Fast? A wicked light appeared in its eyes. Very well. I breathed out in relief and looked down. We were above a cliff that had a sheer drop. The sight made me fell giddy, so I screwed my eyes shut. A second later, I felt like the cat’s shiny claws did not encase me. I was free! Free, from everything.
I sighed, my eyes still shut lightly, and smiled, feeling the wind envelop me. It tasted of everlasting freedom. And since then, everlasting freedom is what I have had.” Stunned, Ashten didn’t even bother to make another practical joke, and read out loud in mock voice, “the END.”

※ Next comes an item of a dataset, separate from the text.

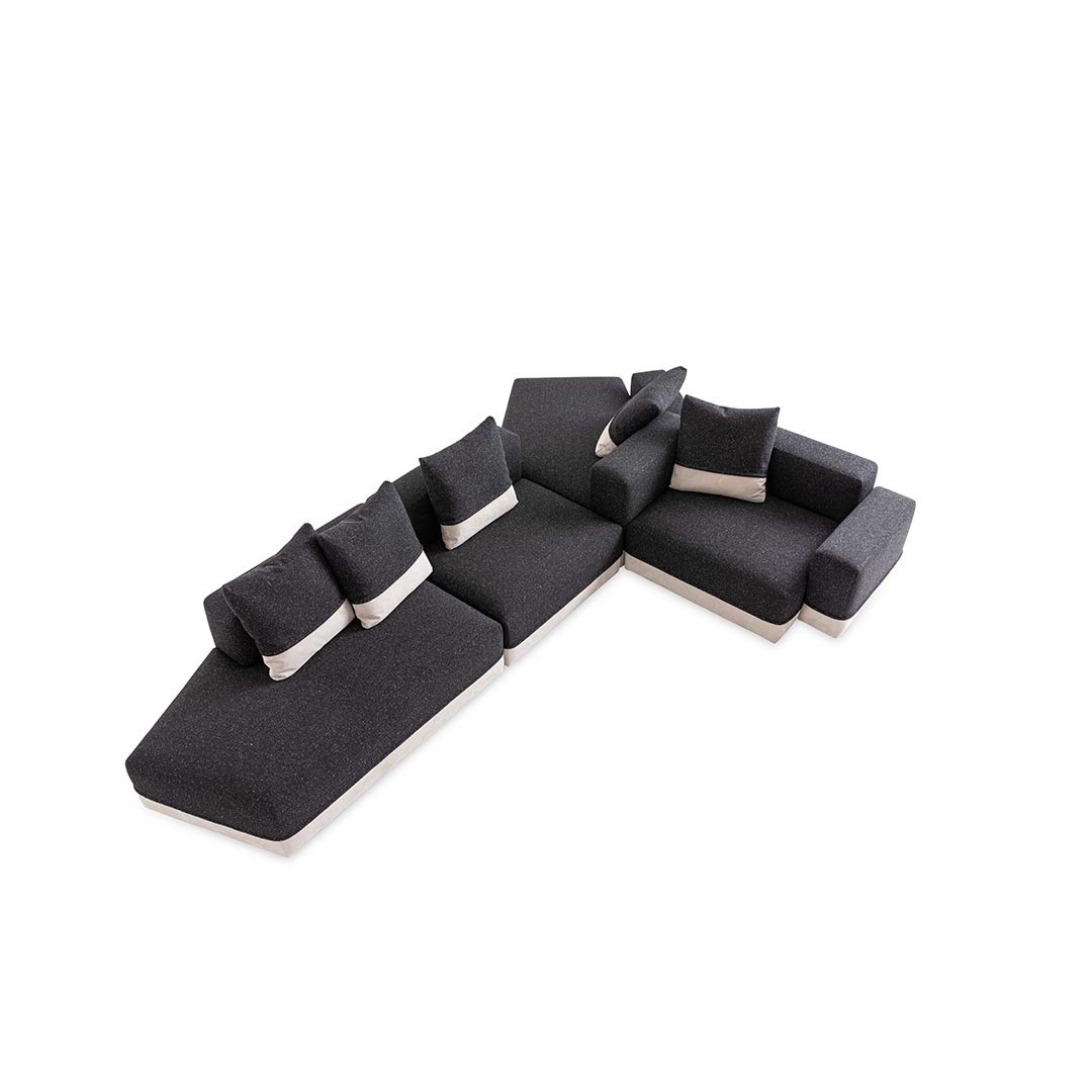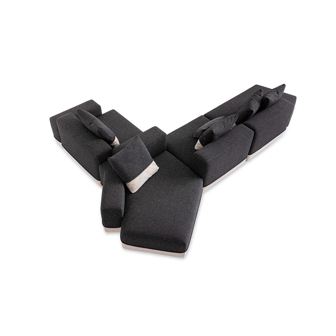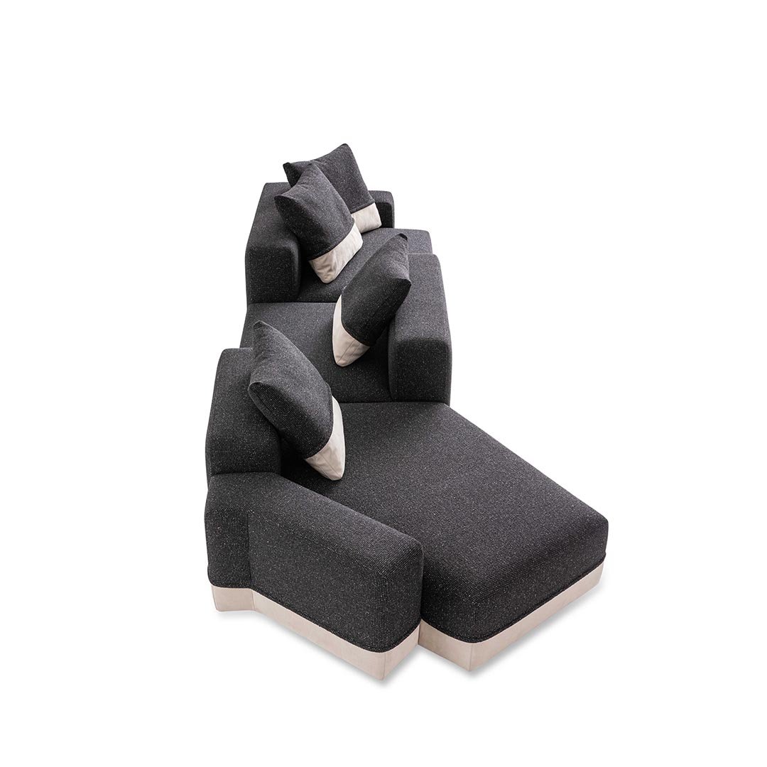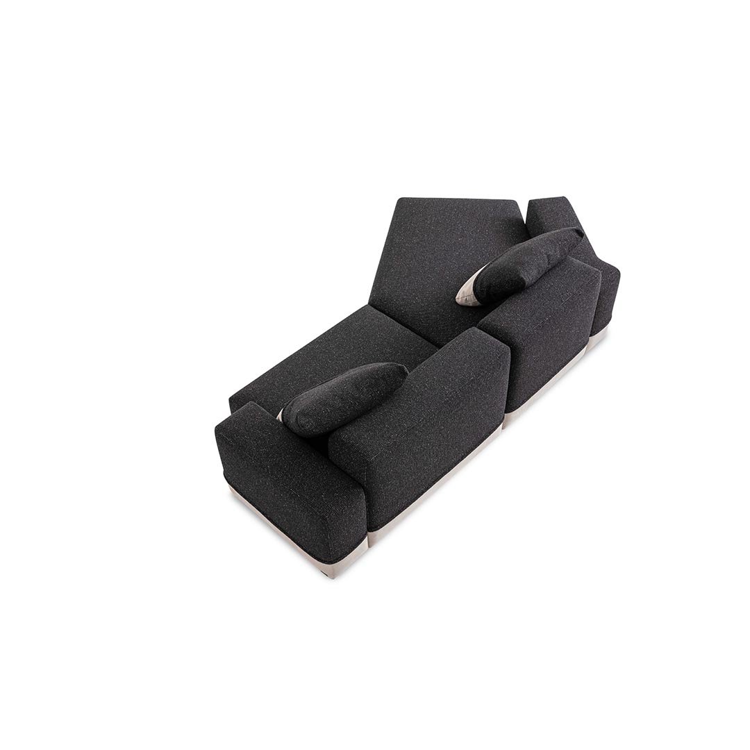 Designed by Carlo Colombo, the modular sofa Godwin is the symbol of the collection: its irregular shapes and segmented lines intersect to define space. Well-proportioned and flexible shapes that recall the concept of nature coupled with large, soft paddings outline an all-new modular approach.

The whole class looked at him with bated breath and utter silence. Mr. Dodds shook his head and smiling, patted Ashten on the shoulder.
“Thank you, Mr. Salas. You may sit down.”
Still in shock, Ashten walked down the aisle where he sat down at his desk, shaking. Logan, for once, had his gaze fixed on Mr. Dodds, who had just packed his bag. “That is all for today. Class dismissed.” As usual, he held out the door for the students to exit. Amber walked out proudly, flinging her long hair as she strutted down the corridor. Harris squeezed out the door. Maria gathered up her books and walked silently out of the class with a thank you to Mr. Dodds. Logan and Ashten were last to leave.
“Until tomorrow, boys,” Mr. Dodds said, and looked them in the eye. His usual hazel eyes flashed an electrical blue, until they were bluer than the midday sky, bluer than a bluebell.